Water quality — Guidance on marine biological surveys of hard-
substrate communities
1 Scope
This International Standard provides guidance for marine biological surveys of supralittoral, eulittoral and
sublittoral hard substrate for environmental impact assessment and monitoring in coastal areas.
This International Standard comprises
⎯ development of the sampling programme,
⎯ survey methods,
⎯ species identification, and
⎯ storage of data and collected material.
This International Standard specifies the minimum requirements for environmental monitoring.
The methods are limited to surveys and semi-quantitative and quantitative recording techniques that cause
little destruction of the fauna and flora. In practice, this refers to direct recording in the field and photography.

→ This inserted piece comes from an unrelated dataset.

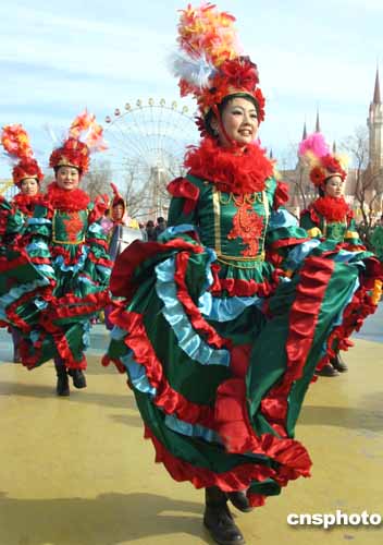 二月十日農歷大年初二,北京石景山游樂園為北京百姓奉獻一道節日大餐——第五屆北京洋廟會。圖為身著艷麗西班牙節日盛裝的姑娘們,在石景山游樂園推出的特色品牌活動——花車行進表演中載歌載舞。作者:張勤

Sampling by scraping off organisms, use of a suction sampler, etc. are not covered in this International
Standard, but such techniques can be used as a supplement to obtain information on small-sized species or
those that live hidden.
2 Terms and definitions
For the purposes of this document, the following terms and definitions apply.
2.1
area of influence
area influenced or expected to be influenced, based on the available information
2.2
biotope
area of uniform environmental conditions (habitat) and its characteristic assemblage of plant and/or animal
species
EXAMPLE Laminaria hyperborea community (cuvie or tangleweed), knotted wrack community, blue mussel belt.
2.3
macroscopic organisms
algae and animals that are visible without magnification equipment (W 1 mm) and which can be recorded in
the field
NOTE Certain macroscopic organisms can require microscopic inspection for identification. For microscopy of
collected material, the lower size limit is set to 1 mm.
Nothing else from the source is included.